The unintentional side-effects of a bad concurrency model

Matthias247 · on Jan 26, 2016

After ten years in the automotive industry I can confirm that some observations from the article also happens there: If you look at the system architecture (parts, components, connections) of a car you can also very certainly identify the companies organizational structure. You would also see there that the architecture is optimized for solving the problem with least amount of effort and redundancy. But nevertheless, working in such a gigantic environment I also concluded that this still makes sense. You simply need a well defined boundary up to which you and your team are responsible and a well defined interface against which your are developing. In the electrical engineering world these are often interfaces described in form of messages that are defined on classical bus systems (e.g. CAN), which worked quite decent. I worked a lot on the introduction of IP networking based interfaces, which (besides allowing other network layers and higher speeds) also can be used for describing interfaces between different software parts which might still be deployed in the same hardware. This yielded the advantages that Joe Armstrong described here: Different parties can work very independently, using different technologies and you can compose the results to a complete system.
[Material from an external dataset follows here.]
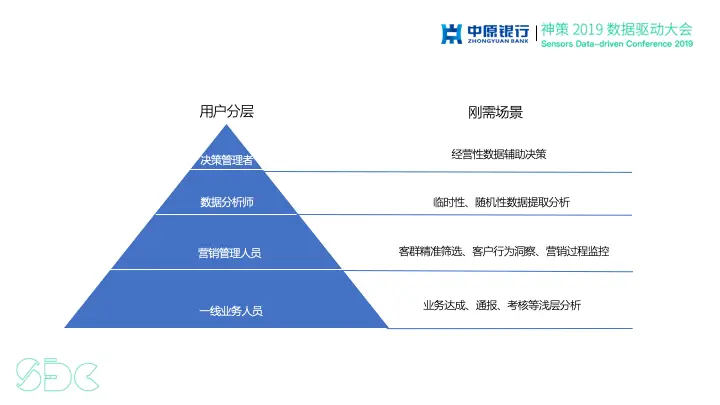 在不同场景下,每个人会面临不同的刚需。场景化思路,基于数据对用户进行精准分层,包含一线业务人员、营销管理人员、数据分析师、决策管理者等,最终让使用数据的人构成一个金字塔,且不同人对应的刚需场景明显不同,比如一线业务人员关心的更多是业务达成、通报、考核等浅层分析。如下图:

However I can't say that I would use the approach for everything, because I comes with a certain overhead - in performance as well as in the development process. E.g. to have a large number of developers (could easily be > 100) the same understanding of an interface and develop against it you really need a perfect static definition of the interface, for at least some parts a dynamic description (state and sequence charts) and test tools that work against both sides. The interface definition must be maintained by someone (probably neither the groups that implement the server or the client side) and changes will be much much slower than a change somewhere in a monolithic codebase (can be month from the change of an interface description until all sides have adapted the new version). I would also heavily recomment the use of some interface definition language (anything from custom, protobuf, thrift, swagger, etc.) and the use of a framework and code generations tools and client and server side. Manually processing JSON or even worse writing bytes manually to a socket won't work at scale.
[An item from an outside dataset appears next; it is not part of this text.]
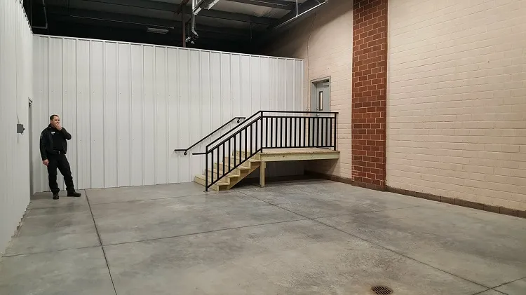 When he was done typing, Sarge nodded towards the wall where a large, white rectangle was painted on the gray concrete. A height scale was affixed to the side of the rectangle.

cryptica · on Jan 26, 2016

I think it's not really a ideal thing for client-side work and server side work to be separated (this is more a talent constraint). The most efficient organizations I have worked for are the ones that split themselves up into feature teams instead of strict front-end and backend teams. Otherwise, you end up with people waiting around for each other to make changes and that forces them to context-switch between different tasks (and everyone loses focus). Not to mention that the backend devs often dont get the interface 100% perfect the first time and you end up having to iterate over those changes - Which means more waiting around and more context switching (except if the required changes are minor in which case they can pair together).
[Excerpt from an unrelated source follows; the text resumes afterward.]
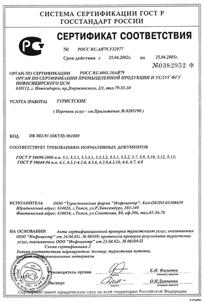 ГОСТ Р 50690-2000 « Туристские услуги. Общие требования ».

With feature teams, you give people ownership over a feature of the software and they are responsible for bringing it to completion. The great advantage of fullstack developers is that a single developer can work on a feature end-to-end - It gets rid of communication problems, greatly speeds up development and reduces the backend-frontend "blame game" factor that you often see in large companies.

I like the way the article portrays people as concurrent processes but I think there is a fundamental difference between people and processes which affects things: People don't have perfect memory. When someone offloads a task to a different person and starts working on some new tasks asynchronously, when they come back to the previous task, they may not be able to resurrect all the old thoughts that they had the last time they looked at the same code (not the same level of depth). So they lose a bit of time getting back in the mindset.

justinhj · on Jan 26, 2016

Some backends are fairly sophisticated and require extensive domain knowledge from designing databases that can be scaled, caching systems, security issues and so on.

On the client side you may need someone who is an expert in C#, in 3d rendering and geometry and in audio. Finding someone great at both is going to be very hard, and frankly not worth the benefits unless you have a very small team.

That said I believe front and backend should work closely together. There is no reason that the frontend should be blocked because the API design can be figured out before the backend is written and the frontend can mock out the missing features until they are available.

bitsai · on Jan 27, 2016

"That said I believe front and backend should work closely together. There is no reason that the frontend should be blocked because the API design can be figured out before the backend is written and the frontend can mock out the missing features until they are available."

Came here to say exactly this. At my current workplace, one of the very first steps in any project that involves both FE and BE work is for FE and BE engineers to get together and design the API. Once that's done, work can proceed on both sides in a largely asynchronous and independent manner. And one of the first things to be implemented on the BE is API endpoints with multiple mocks that can be requested by the FE, so the FE can start integrating with the endpoints as early as possible.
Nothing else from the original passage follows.